§ Directions for this task
Will you write out, word for word, every line from the one with "탐색기 NODE 탭에서" to the final line of the data below, with the pictures left out?

§ Recorded data
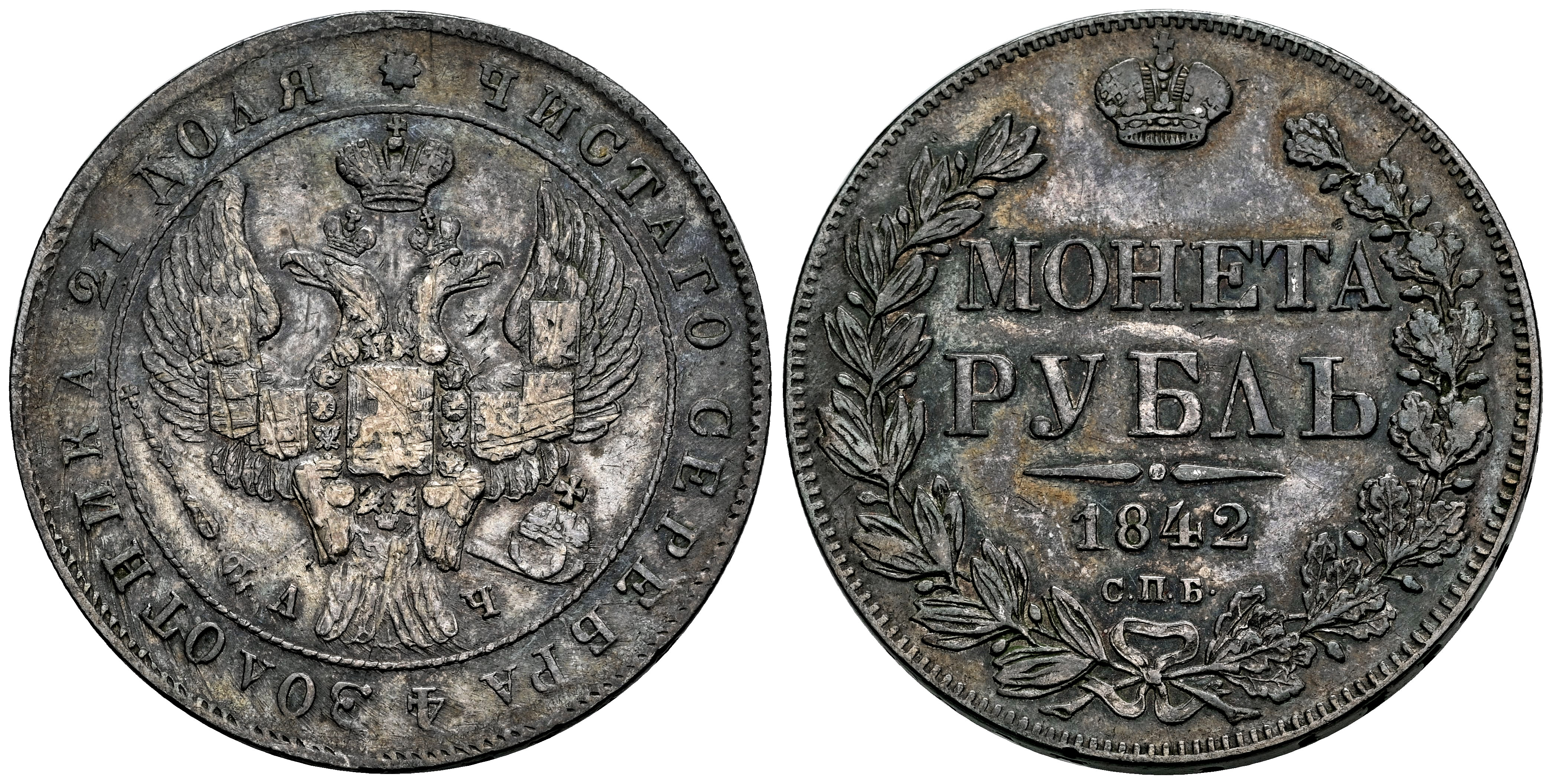 Rusia. Nicholas I (1825-1855). 1 rouble. 1842. San Petesburgo. СПБ / АЧ. (Km-C3#168.1). (Bitkin-184). Ag. 20,79 g. Leves arañazos. Bonita pátina. EBC-. Est...150,00.
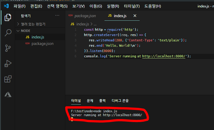 탐색기 NODE 탭에서 "index.js" 파일을 하나 만들어 주고 아래와 같이 코드를 작성 후
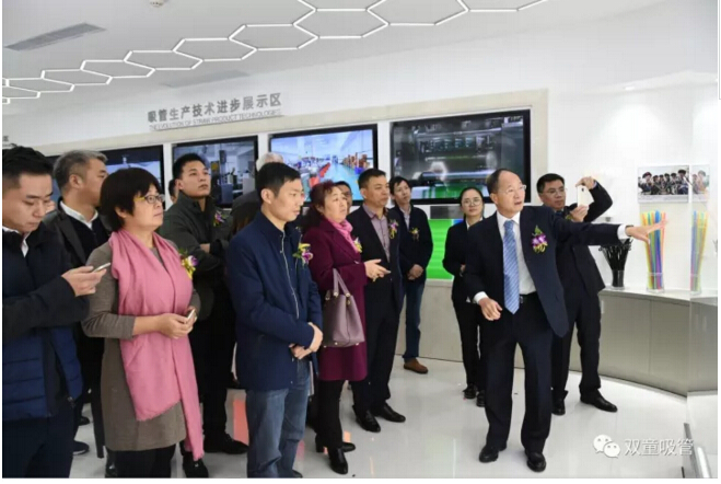 揭幕儀式之后,所有嘉賓們一起進(jìn)入中國(guó)吸管博物館進(jìn)行參觀,共同觀看了中國(guó)吸管博物館宣傳片。“雙童”樓仲平和大家一一介紹了吸管產(chǎn)業(yè)發(fā)展的歷史和現(xiàn)狀、吸管生產(chǎn)技術(shù)進(jìn)步展示區(qū)、吸管產(chǎn)品配套應(yīng)用區(qū)、創(chuàng)新產(chǎn)品體驗(yàn)區(qū)、吸管產(chǎn)品DIY展示區(qū)、吸管產(chǎn)業(yè)資料展示區(qū)等各項(xiàng)展示區(qū)域,嘉賓們?cè)趨⒂^的過(guò)程中連連驚嘆:一根吸管原來(lái)還有這么豐富的內(nèi)容展示!

§ Task answer
 탐색기 NODE 탭에서 "index.js" 파일을 하나 만들어 주고 아래와 같이 코드를 작성 후
 揭幕儀式之后,所有嘉賓們一起進(jìn)入中國(guó)吸管博物館進(jìn)行參觀,共同觀看了中國(guó)吸管博物館宣傳片。“雙童”樓仲平和大家一一介紹了吸管產(chǎn)業(yè)發(fā)展的歷史和現(xiàn)狀、吸管生產(chǎn)技術(shù)進(jìn)步展示區(qū)、吸管產(chǎn)品配套應(yīng)用區(qū)、創(chuàng)新產(chǎn)品體驗(yàn)區(qū)、吸管產(chǎn)品DIY展示區(qū)、吸管產(chǎn)業(yè)資料展示區(qū)等各項(xiàng)展示區(qū)域,嘉賓們?cè)趨⒂^的過(guò)程中連連驚嘆:一根吸管原來(lái)還有這么豐富的內(nèi)容展示!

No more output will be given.